**DATA FOR PROCESSING:**
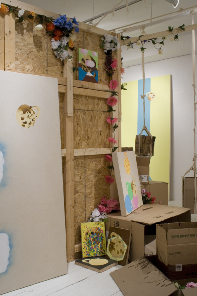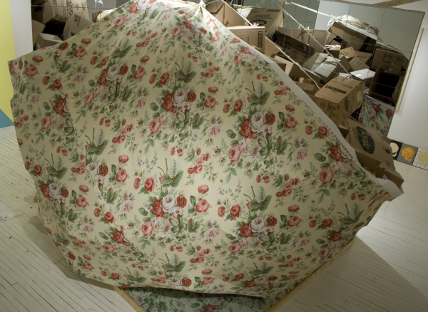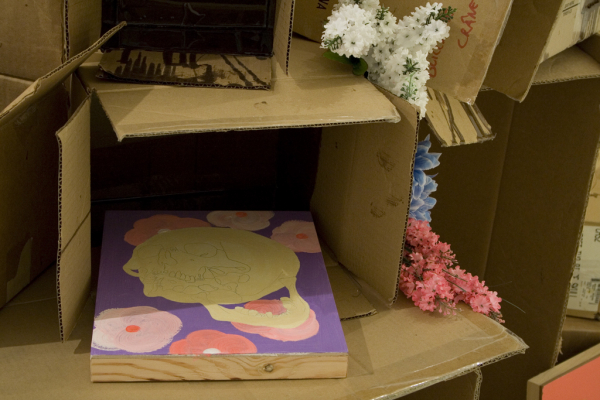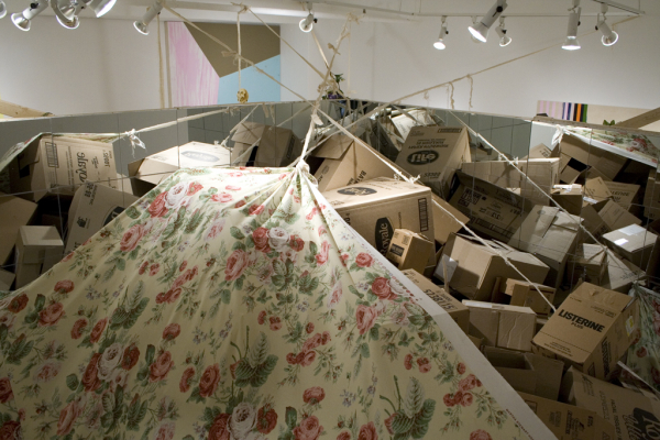 Tout comme une baglady à robe fleurie, Guillaume Clermont part de l’objet trouvé et utilise l’espace de la galerie comme un « fourre-tout ». Étant dépourvue de repères temporels et structuraux et ce, renforcé par la présence des miroirs, l’installation nous désarçonne : l’artiste nous met en boîte. Il désunit, disloque et sépare les composantes de l’installation de leur contexte habituel afin de proposer un questionnement sur la place familière où ils devraient se retrouver. Cette stratégie d’accumulation et de dislocation du discours est renforcée par l’ajout de l’eau dans les boîtes de cartons. Deux questions s’imposent : 1) comment le matériau de ces boîtes peut-il retenir l’eau? 2) À quoi font référence les fleurs de lotus que l’on remarque dans ces contenants? Considérant le fait que la fleur de lotus, pour les bouddhistes représente le cycle de la vie, puisqu’elle pousse dans des marécages, cette dernière nous ramène de façon poétique, au temps qui passe et aux tactiques que nous déployons pour le rattraper et le mettre, en vain, en boîte.
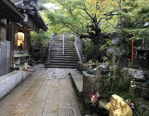 長い階段を登ります。紅葉が多いので、紅葉は綺麗でしょう。 お地蔵様も可愛らしい。 全てを参拝するには、時間かかりそうです。 境内も広いです。 雨だったが、風情ありました。
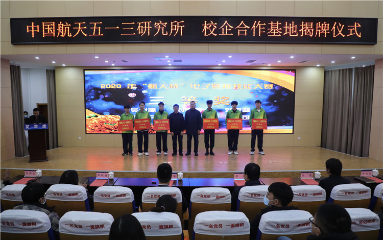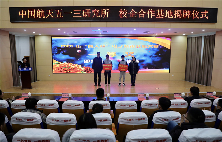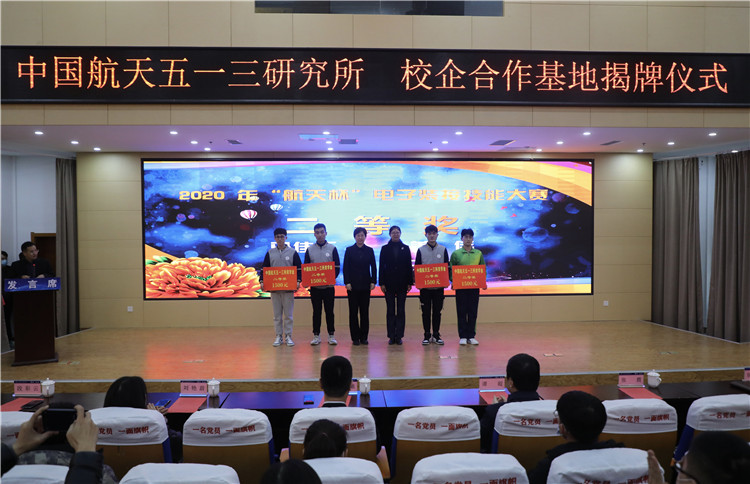 仪式中,校企双方共同签订“校企合作基地”协议,举行揭牌仪式,并完成“中国航天五一三所”奖学金交接。同时在校企双方领导共同见证下,进行2020 年“航天杯”电子装接技能大赛颁奖典礼,为在比赛中成绩优异,实践能力突出的同学点赞、喝彩。
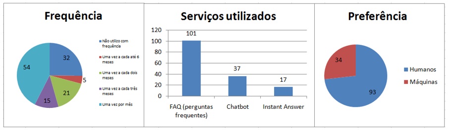 Além de coletar informações sobre o perfil dos usuários, também foram realizadas perguntas sobre a frequência que os mesmos utilizam os serviços de autoatendimento online, bem como quais foram estes serviços e sua preferência por atendimento humano ou através de máquinas. A Figura 3 apresenta os resultados obtidos nessa análise.
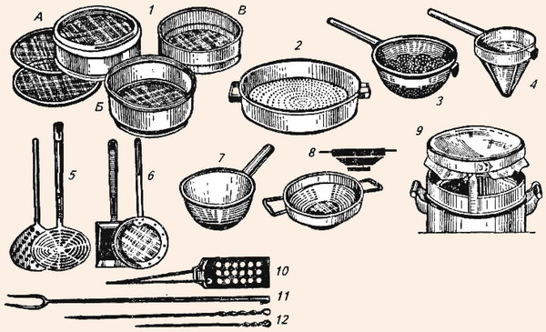 1 - сита; А - зі знімальними сітками і пластмасовою обичайкою; Б - з нержавіючої сіткою і алюмінієвої обичайкою; В - з волосяний сіткою і дерев'яною обичайкою; 2 - металевий гуркіт; 3 - металевий друшляк ємністю 7 л; 4 - конічне сито металеве; 5 - шумівки; 6 - ковші-сачки; 7 - черпак; 8 - цедилка металева; 9 - пристрій для проціджування бульйону; 10 - лопатка кухарська зі скидачем; 11 - вилка кухарська; 12 - шпажки для смаження шашликів
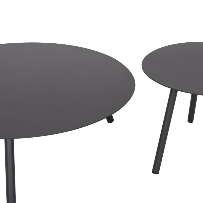 Τα δύο στρογγυλά τραπεζάκια με επιφάνειες αλουμινίου ολοκληρώνουν το σετ, προσθέτοντας πρακτικότητα και minimal αισθητική στον χώρο.

**WHAT YOU SHOULD DO:** Word for word, output the whole listing, but not its pictures.

**TASK ANSWER:**
 Tout comme une baglady à robe fleurie, Guillaume Clermont part de l’objet trouvé et utilise l’espace de la galerie comme un « fourre-tout ». Étant dépourvue de repères temporels et structuraux et ce, renforcé par la présence des miroirs, l’installation nous désarçonne : l’artiste nous met en boîte. Il désunit, disloque et sépare les composantes de l’installation de leur contexte habituel afin de proposer un questionnement sur la place familière où ils devraient se retrouver. Cette stratégie d’accumulation et de dislocation du discours est renforcée par l’ajout de l’eau dans les boîtes de cartons. Deux questions s’imposent : 1) comment le matériau de ces boîtes peut-il retenir l’eau? 2) À quoi font référence les fleurs de lotus que l’on remarque dans ces contenants? Considérant le fait que la fleur de lotus, pour les bouddhistes représente le cycle de la vie, puisqu’elle pousse dans des marécages, cette dernière nous ramène de façon poétique, au temps qui passe et aux tactiques que nous déployons pour le rattraper et le mettre, en vain, en boîte.
 長い階段を登ります。紅葉が多いので、紅葉は綺麗でしょう。 お地蔵様も可愛らしい。 全てを参拝するには、時間かかりそうです。 境内も広いです。 雨だったが、風情ありました。
 仪式中,校企双方共同签订“校企合作基地”协议,举行揭牌仪式,并完成“中国航天五一三所”奖学金交接。同时在校企双方领导共同见证下,进行2020 年“航天杯”电子装接技能大赛颁奖典礼,为在比赛中成绩优异,实践能力突出的同学点赞、喝彩。
 Além de coletar informações sobre o perfil dos usuários, também foram realizadas perguntas sobre a frequência que os mesmos utilizam os serviços de autoatendimento online, bem como quais foram estes serviços e sua preferência por atendimento humano ou através de máquinas. A Figura 3 apresenta os resultados obtidos nessa análise.
 1 - сита; А - зі знімальними сітками і пластмасовою обичайкою; Б - з нержавіючої сіткою і алюмінієвої обичайкою; В - з волосяний сіткою і дерев'яною обичайкою; 2 - металевий гуркіт; 3 - металевий друшляк ємністю 7 л; 4 - конічне сито металеве; 5 - шумівки; 6 - ковші-сачки; 7 - черпак; 8 - цедилка металева; 9 - пристрій для проціджування бульйону; 10 - лопатка кухарська зі скидачем; 11 - вилка кухарська; 12 - шпажки для смаження шашликів
 Τα δύο στρογγυλά τραπεζάκια με επιφάνειες αλουμινίου ολοκληρώνουν το σετ, προσθέτοντας πρακτικότητα και minimal αισθητική στον χώρο.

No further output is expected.